Еще бы Димка не изучал! Впрочем, в этом и не было надобности, вот уже более года преподаватели начинали лекции с изложения того, о чем говорилось в постановлении, клеймили позором писателей, ушедших от значительных тем в бытописание. Особенно неистовствовал, маленький, плотненький, в золотых очках критик, эрудит и, надо было признать, блестящий оратор Езьмилов, он так подпрыгивал от ярости на досках кафедры, так трясся и клокотал, что у Димки создалось впечатление, будто эти мелкие писатели украли у критика все самое ценное, что у него было, и украли нагло, среди бела дня. Раньше, до лекций Езьмилова, Димка читал кое-что у Зощенко и хохотал, как и все, теперь же свое мнение переменил: он узнал, что эти писатели трусливо вели себя во время войны, стояли в стороне от народного подвига, благополучно жили в эвакуации и в ус не дули. А уж выше позора, по мнению Димки, быть не могло. Впрочем, Ахматову он ранее не читал и никогда не слышал о ней – и теперь стал представлять ее в виде чопорной, нелюдимой аристократки, без конца стоящей в стороне от чего бы то ни было.

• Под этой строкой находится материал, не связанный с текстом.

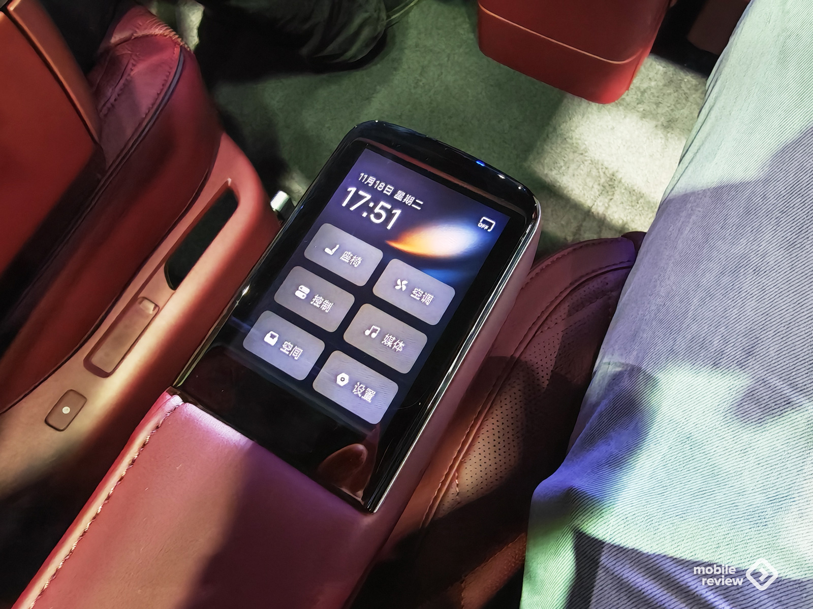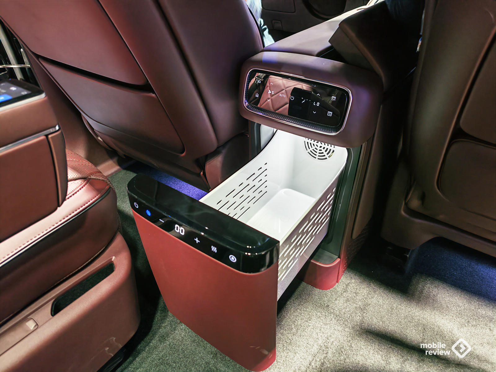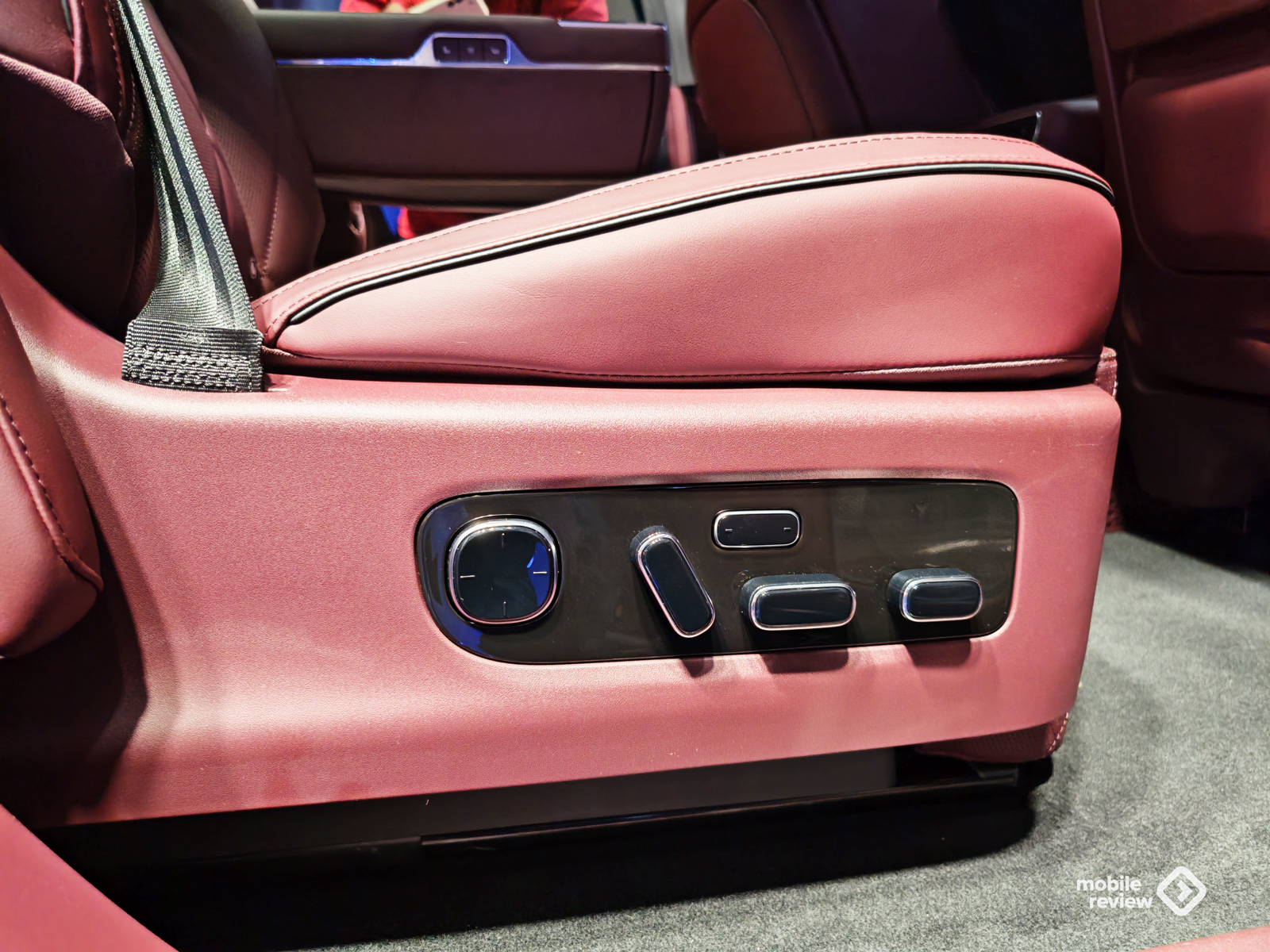Крупный кроссовер идет исключительно в шестиместном исполнении, в компоновке 2+2+2. На втором ряду нас встречают отличные капитанские кресла, которые благодаря 66 датчикам и ИИ могут автоматически подстраиваться под пассажира, обеспечивая наиболее комфортную посадку. Если же вы хотите сами отрегулировать кресло, то нет ничего проще, так как здесь вам доступен полный пакет электрорегулировок, включая регулировку поясничного подпора и регулируемую оттоманку. Для пассажиров второго ряда в подлокотники интегрированы отдельные пульты управления, представляющие собой небольшие цветные сенсорные дисплеи. Через них вы не только можете управлять настройками, включать обогрев, вентиляцию или массаж, но также взаимодействовать с мультимедиа. Интересной особенностью Taishan является интеграция динамиков в подголовники четырех передних кресел, по два на каждый, что позволяет каждому пассажиру слушать собственную музыку. Всего же в салоне автомобиля установлено 32 динамика аудиосистемы суммарной мощностью 2300 Вт и 36-канальный усилитель. Кроме этого, пассажиры второго ряда могут открыть потолочный дисплей медиасистемы диагональю 21.4 дюйма и наслаждаться просмотром любимого кино или другого визуального контента. А также здесь имеется встроенный холодильник, с автоматически выезжающим боксом, доступ к которому водитель и передний пассажир могут получить, открыв центральный подлокотник.

Димка смотрит на Нечипалова и вздыхает. Он, конечно, полностью согласен с постановлением, хоть ему и не нравятся прыжки и ярость Езьмилова. Но он никак не может объять положительную тенденцию развития сельского хозяйства и колхозного крестьянства в ее общем, глобальном виде и забыть о своих соседях по станции Инша или по селу Белый Берег, живущих в плохо побеленных хатенках, словно бы заросших соломенными крышами по самые подслеповатые оконца. С тех пор как он, Димка, стал жить в Москве, где всюду и в любое время можно купить белую булку или бутылку молока, накрытую картонной крышечкой, он стал считать себя немного изменником по отношению к вчерашним друзьям и соседям. Ну, как, как отойти от этих мелких фактов? Как забыть бабку, с которой они еще вчера, кажется, вместе варили мыло из старых вонючих костей и каустической соды? За тридцать километров ездит она на паровичке за керосином – Димки-то нет теперь с ней. Как не вспомнить о ней?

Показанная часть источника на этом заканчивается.